Relative expression levels of four miRNAs were analyzed by qRT-PCR. The figure shows the relative expression levels of four miRNAs (miR-33a, miR-132-3p, miR-378a, and miR-181d) normalized to a reference gene (U6) in groups A, B, C, and D. One-way ANOVA identified significant differences in expression for miR-33a, miR-132-3p, and miR-181d (*P < 0.05, **P < 0.01, ***P < 0.001). (A) miR-33a expression was downregulated in groups B, C, and D compared to group A (**P < 0.01, ***P < 0.001). Additionally, miR-33a levels were lower in group D compared to group C (***P < 0.001). (B) Conversely, miR-132-3p expression was significantly increased in groups B, C, and D compared to group A (**P < 0.01, ***P < 0.001). Notably, miR-132-3p levels were also higher in group D compared to groups B and C (**P < 0.01, ***P < 0.001 respectively). (C) No significant changes were observed in miR-378a expression across all groups (P > 0.05). (D) miR-181d expression was downregulated in groups B, C, and D compared to group A (***P < 0.001), with levels being lower in group C compared to group B (***P < 0.001).

Fig. 2.

Relative expression levels of four miRNAs were analyzed by qRT-PCR. The figure shows the relative expression levels of four miRNAs (miR-33a, miR-132-3p, miR-378a, and miR-181d) normalized to a reference gene (U6) in groups A, B, C, and D. One-way ANOVA identified significant differences in expression for miR-33a, miR-132-3p, and miR-181d (*P < 0.05, **P < 0.01, ***P < 0.001). (A) miR-33a expression was downregulated in groups B, C, and D compared to group A (**P < 0.01, ***P < 0.001). Additionally, miR-33a levels were lower in group D compared to group C (***P < 0.001). (B) Conversely, miR-132-3p expression was significantly increased in groups B, C, and D compared to group A (**P < 0.01, ***P < 0.001). Notably, miR-132-3p levels were also higher in group D compared to groups B and C (**P < 0.01, ***P < 0.001 respectively). (C) No significant changes were observed in miR-378a expression across all groups (P > 0.05). (D) miR-181d expression was downregulated in groups B, C, and D compared to group A (***P < 0.001), with levels being lower in group C compared to group B (***P < 0.001).

Discussion

The interactive effect of short sleep duration and obesity on MetS risk is complex and the underlying molecular mechanisms are under investigation. While most individual studies have separately linked both factors to an increased risk of MetS, the combined effect of these two conditions and molecular aspects remains understudied. To address this knowledge gap, the present study investigated the expression levels of four key miRNAs and their association with MetS prevalence across four distinct participant classifications: normal sleepers with normal weight (Group A), normal sleepers with obese weight (Group B), short sleepers with normal weight (Group C), and short sleepers with obese weight (Group D).

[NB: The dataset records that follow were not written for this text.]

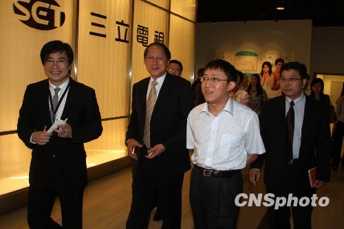 7月29日上午,由海协会专家、国务院台办新闻局局长杨毅(前右)率领的海协会新闻交流团参访了台湾三立电视台,受到三立电视台总经理张荣华(左)等人的热情接待。中新社发 董会峰 摄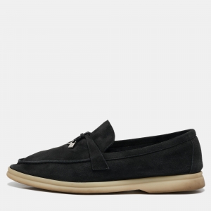 Loro Piana Black Suede Summer Walk Loafers Size 38.5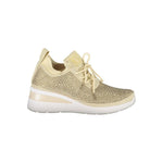 Elevate your streetwear game with Laura Biagiotti’s latest sneaker sensation—a dazzling ensemble of style and comfort. These beige beauties boast contemporary contrasting details, shimmering rhinestone embellishments, and intricate embroidery that catches the eye. Crafted for the fashion-forward, the sneakers feature a removable insole and a subtle yet chic 4 cm heel, perfect for strutting the urban runway with ease. Emblazoned with the iconic Laura Biagiotti logo, these kicks are set to become the coveted staple in your wardrobe.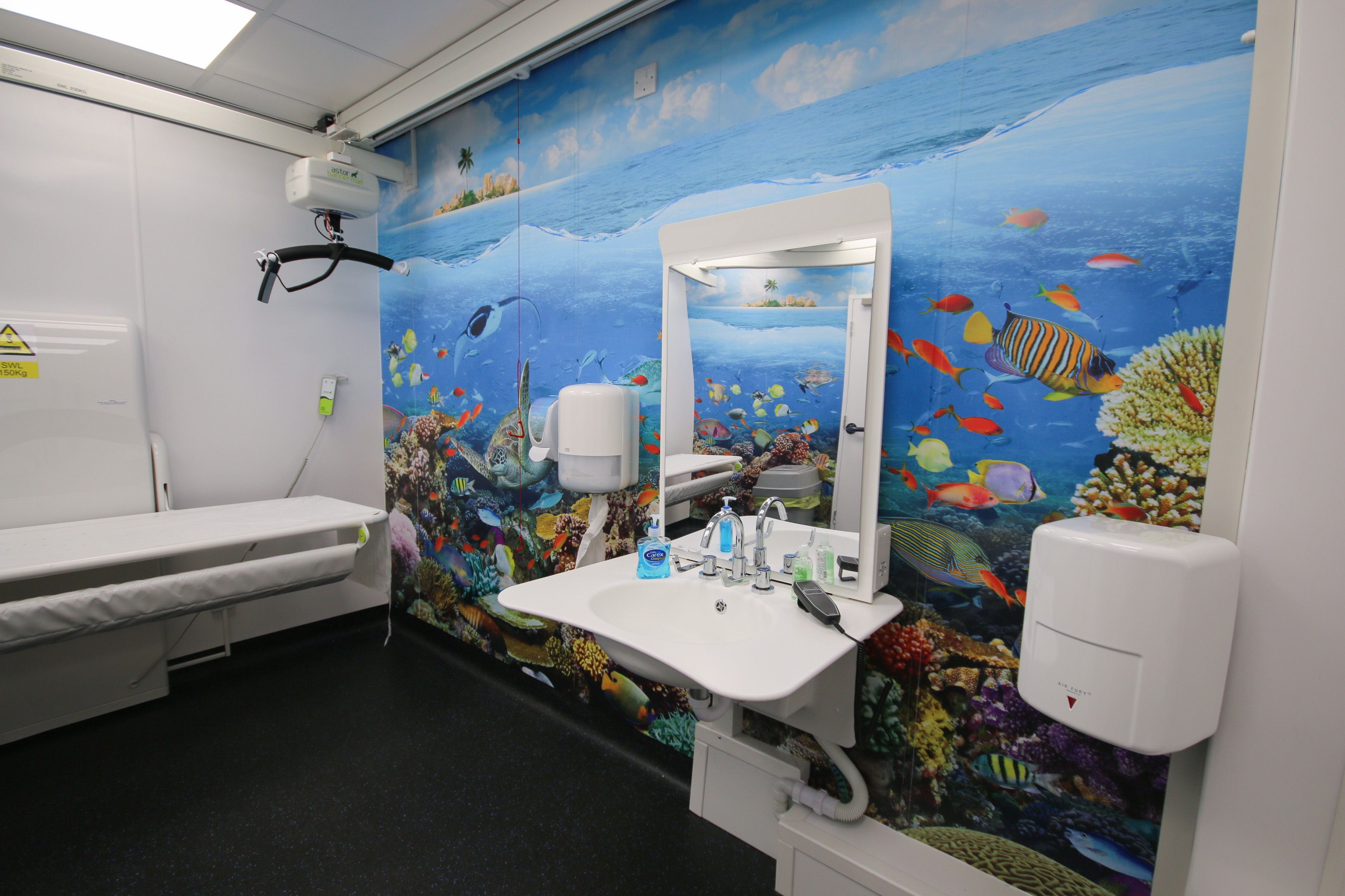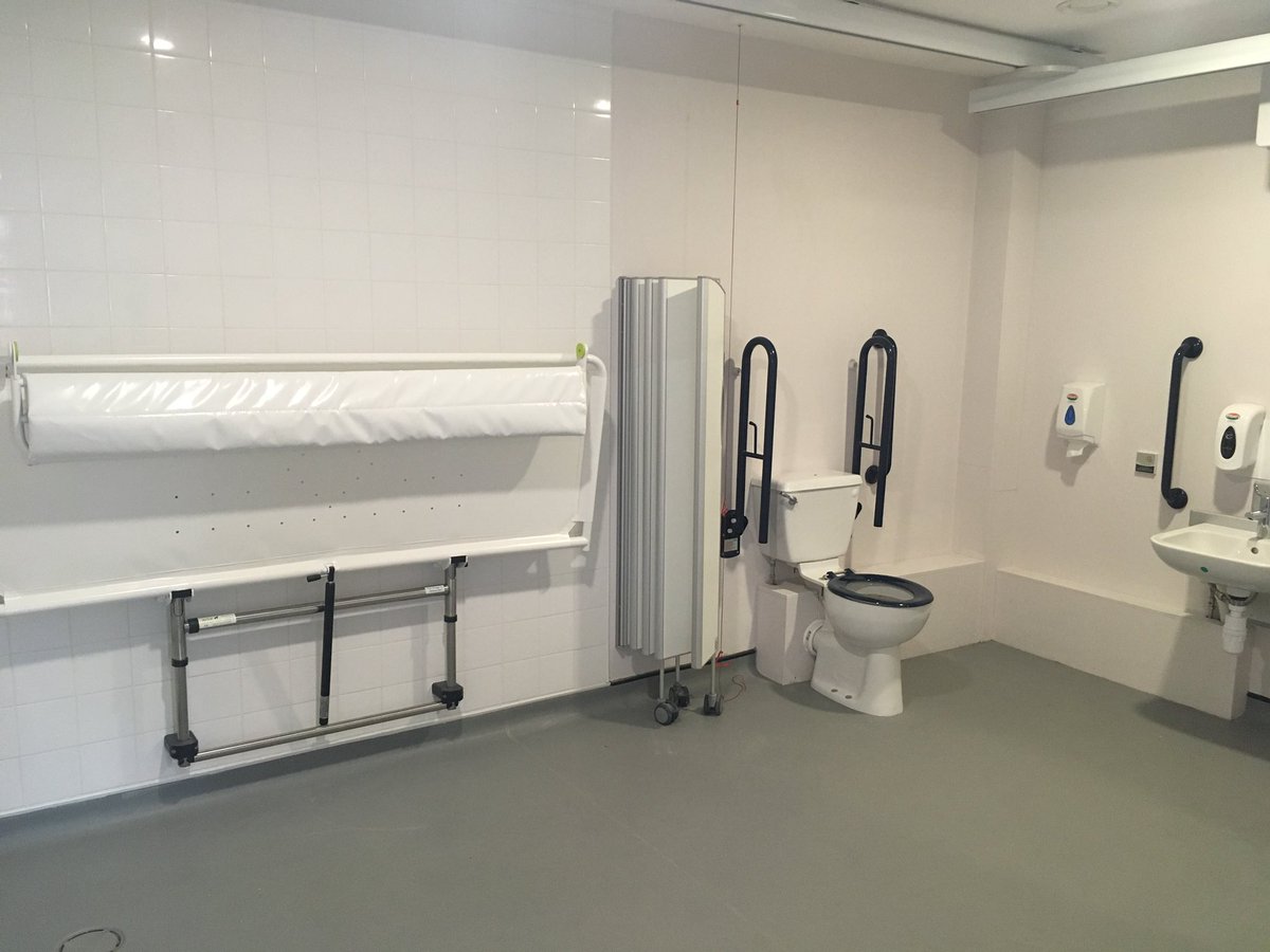 FACILITIES: Bench – Height Adjustable, Adult Sized, Free Standing | Hoist – Ceiling | Peninsular Toilet | Height Adjustable Washbasin | Non-Slip Floor | Floor Space (sq. m) – 11 | Emergency Alarm | Privacy Screen | Paper Roll Radar Key | Managed | Locked | Colostomy Shelf

Our results showed a statistically significant difference in the prevalence of MetS among the four groups. This finding was consistent across pairwise comparisons (A vs. B, A vs. C, and A vs. D). Furthermore, an analysis of Cramer's V values from the pairwise comparisons, presented in Table 3, demonstrated that the strength of the association was strongest when participants were both short-sleepers and obese (Cramer's V = 0.649). This is in comparison to participants who were only obese (Cramer's V = 0.526) or only short-sleepers (Cramer's V = 0.231). These findings suggest that both obesity and short sleep duration independently increase the prevalence of MetS. However, the presence of both conditions simultaneously amplifies the strength of this association. There is a consistent association between obesity and MetS prevalence, observed across both pediatric and adult populations.^18,19 This association is further underscored by the identification of reduced lung function and enhanced levels of biomarkers that effectively predict future cardiovascular risk, highlighting the significant implications for long-term health outcomes.²⁰ Also, insufficient sleep duration is associated with an increased risk of developing MetS in both sexes²¹ and enhances the risk of obesity, glucose and insulin dysregulation.²² Studies highlight the complexity of this relationship, revealing a U-shaped curve where both short and long sleep durations contribute to increased MetS risk, with optimal sleep duration of around 7 hours per night.²³ The severity of MetS also appears to be influenced by sleep duration, with shorter and longer sleep leading to higher symptom scores.²⁴ Notably, Individuals with MetS experiencing insufficient sleep faced a heightened mortality risk. This association could be attributed to the potential detrimental effects of short sleep on central autonomic and metabolic functions in individuals with MetS.²⁵ While most studies show a positive association between short sleep duration and MetS prevalence, some studies show the association only in men or only in women.^26,27 Also, a study found no association between sleep duration and MetS in adolescents but did report an association between short sleep duration and elevated BP and long sleep duration and hypertriglyceridemia.²⁸ These studies underscore the importance of prioritizing healthy sleep habits for reducing the risk of developing MetS and its associated health complications.²⁹

Obesity and short sleep duration synergistically increase the risk of developing MetS through intertwined mechanisms. Obesity directly contributes to MetS via ectopic fat deposition, chronic inflammation, oxidative stress, gut dysbiosis, and hormonal dysregulation (e.g. leptin and adiponectin), all impacting insulin sensitivity and metabolic function.^30,31 Short sleep duration amplifies these pathways by disrupting hormonal balance (leptin, ghrelin, cortisol, melatonin), exacerbating inflammation and oxidative stress, and impairing the autonomic nervous system, particularly through sympathetic overactivity.^32-34 Additionally, disrupted circadian rhythms due to short sleep influence appetite regulation and metabolism, potentially leading to weight gain and further amplifying the obesity-MetS link.³⁵ Moreover, sleep deprivation enhances reward system activity and cravings for unhealthy foods, promoting overeating and weight gain.^36,37 Together, these mechanisms act in a cascading fashion, highlighting the complex interplay between obesity and short sleep duration in their detrimental effect on metabolic health and MetS development. This interconnectedness underscores the vital importance of addressing both sleep and weight management as crucial preventive strategies for MetS.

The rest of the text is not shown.